Book now for early 2016
OK, so you’ve probably got enough to do with Christmas approaching without thinking about what you’re going to see on stage next year. And yet. The thing is, if you don’t book for certain plays now, they’ll almost certainly sell out, and we, at least, wouldn’t want to miss out on what promises to be stellar work. Do also see last week’s post on The Royal Court’s 2016 season.
Hangmen by Martin McDonagh, directed by Matthew Dunster. 1 Dec – 5 March at Wyndhams Theatre. Hangmen transfers to the West End from the Royal Court where it was a sell out hit earlier this year. David Morrissey plays a hangman (the second best in England, no less) faced with his future on the day hanging is abolished in England. The Observer called it The Royal Court’s new Jerusalem, and it got total raves across the board: ‘brilliantly macabre’, said the critics. ‘Exhilarating’, ‘dialogue to die for’, ‘gripping’, ‘riveting from start to finish’, ‘pitch perfect performances…’
Nell Gwynn by Jessica Swale, directed by Chrisopher Luscombe. Opens 4 February at the Apollo Theatre. This is another transfer, which was also a big critical and commercial success, though this time at Shakespeare’s Globe. It’s such a good story, that of Nell Gwynne, who began as an orange seller and rose to become one of Britain’s first and most acclaimed actresses as well as the King’s mistress. The West End production stars Gemma Arterton, who recently won an Evening Standard Award for her work in Made in Dagenham.

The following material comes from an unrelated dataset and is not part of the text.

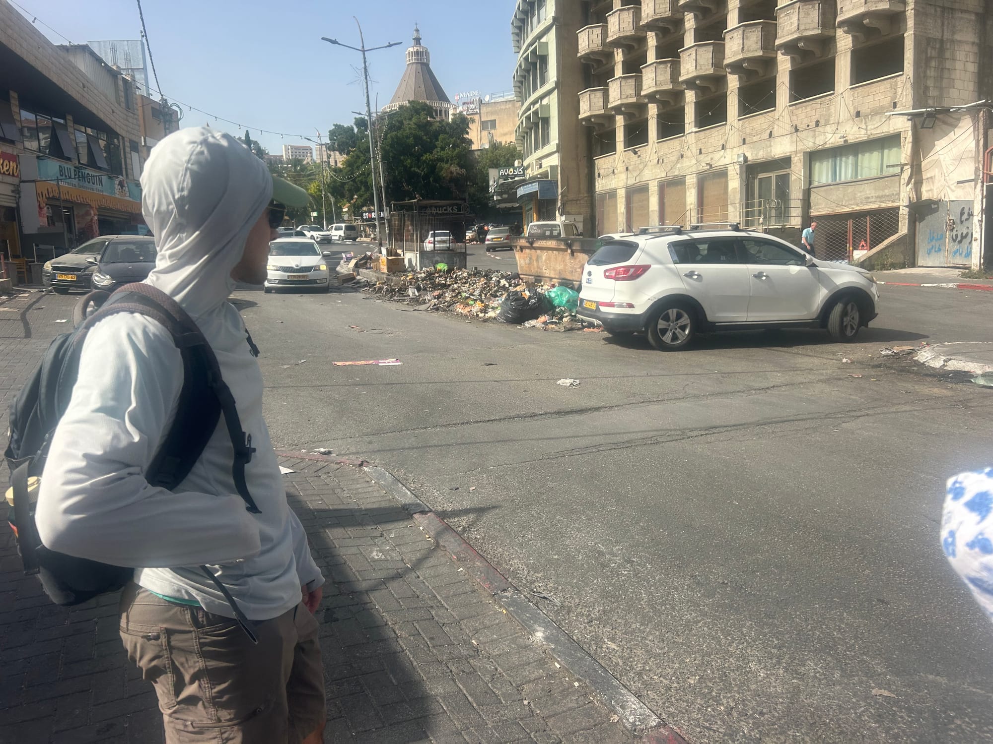 It was another hot day. Driving on narrow, winding roads through the city we soon found a parking space near the church. After a tour of the church we, of course, went out to lunch at a restaurant recommended by one of Orly‘s friends. The walk through Nazareth was quite sad as there is a dispute regarding trash disposal. The streets were full of trash, some obviously had been burned in the streets.

Elegy: 21 April – 18 June, at the Donmar Warehouse. The new play by Nick Payne, who is sizzlingly hot after his 2012 play Constellations won The Evening Standard award for Best New Play before transferring to New York (Ruth Wilson and Jake Gyllenhaal starred) where it took the city by storm. This new play, directed by the Donmar’s artistic director Josie Rourke, is a three hander exploring what happens when advances in medical science mean you can extend life. Even though this doesn’t open till the end of April, such is Payne’s currency that it’s sure to sell out super fast.
And do keep a look out for The Flick by Annie Baker which is coming to the Dorfman Theatre at the National in April (dates are not yet confirmed). Set in a run down movie house in Massachusetts and about the lives of its three employees, the play arrives in London fresh from New York where it wowed audiences and won the Pulitzer Prize for Drama.